そういうのが、07年からAshley事件を追いかけてきた4年半で
私におぼろげながら見えてきた「大きな絵」――。
そこでQuelletteの09年論文は「マスト論文」として、
かなり前から少しずつ読み進めていたところ、
19日にエントリーにした「姉のドナーとして生まれた妹がテレビに」という話題で
俄かに懸念がまた膨れ上がり、その懸念に背中を押されて、
やっと残りを一気に読み終えました。
アブストラクトはこちら
U.S. law treats parental decisions to size, shape, sculpt, and mine children’s bodies
through the use of non-therapeutic medical and surgical interventions like decisions to send a
child to a particular church or school. They are a matter of parental choice except in
extraordinary cases involving grievous harm. This Article questions the assumption of parental
rights that frames the current paradigm for medical decisionmaking for children. Focusing on
cases involving eye surgery, human growth hormone, liposuction, and growth stunting, I argue
that by allowing parents to subordinate their children’s interests to their own, the current
paradigm distorts the parent-child relationship and objectifies children. I propose an alternative.

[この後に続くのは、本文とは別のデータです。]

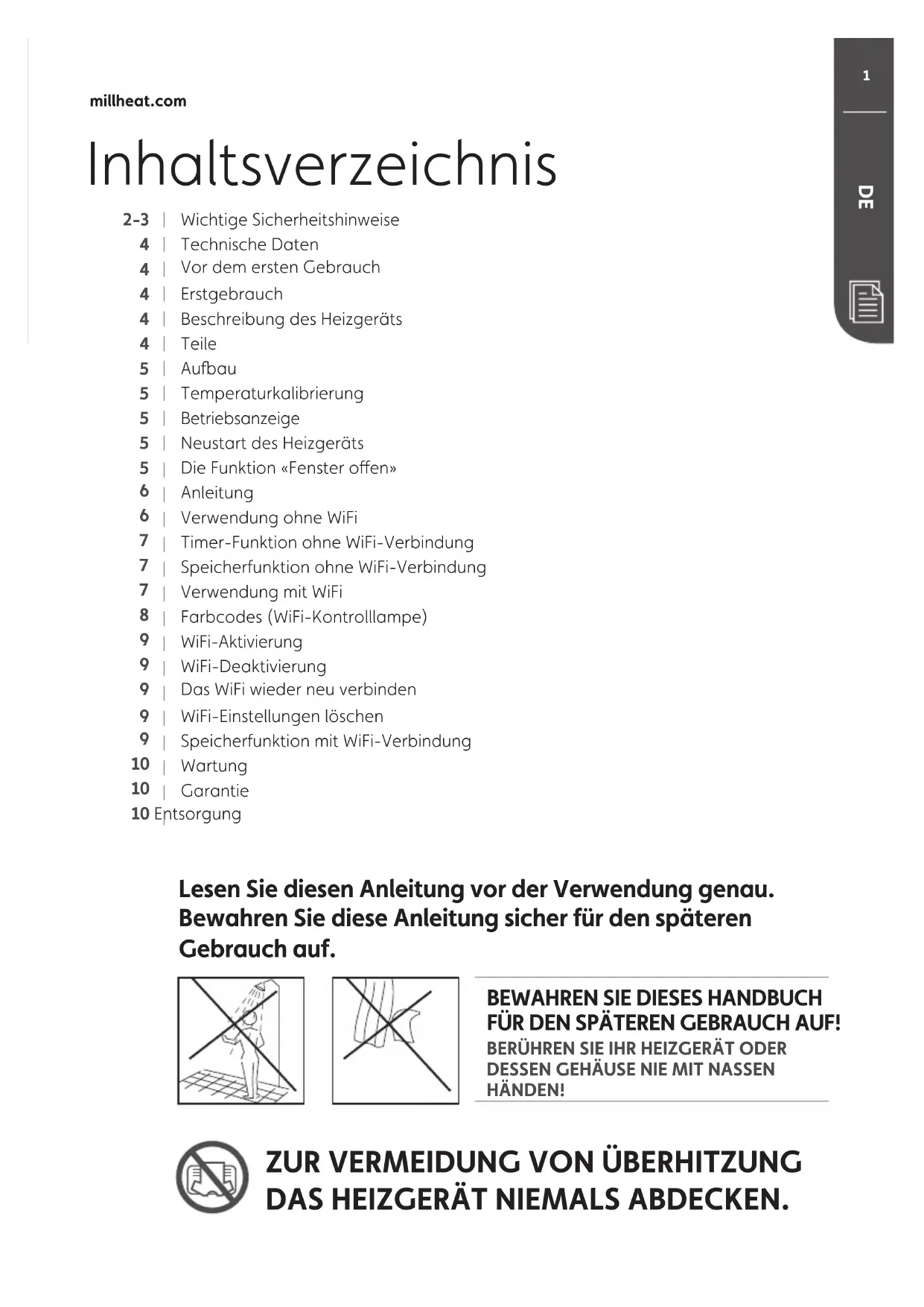 - Verwenden Sie dieses Heizgerät nicht in der unmittelbaren Umgebung eines Bads, einer Dusche oder eines Schwimmbads. millheat.com

Pushing analogies developed in family law and moral philosophy to respect children as complete but vulnerable human beings, I develop a trustee-based construct of the parent-child relationship, in which the parents are assigned trustee-like powers and responsibilities over a child’s welfare and future interests, and charged with fiduciary-like duties to the child. Application of the trustee-based construct separates medical decisions that belong to parents, from decisions that belong to children and those that should be made by a neutral third party.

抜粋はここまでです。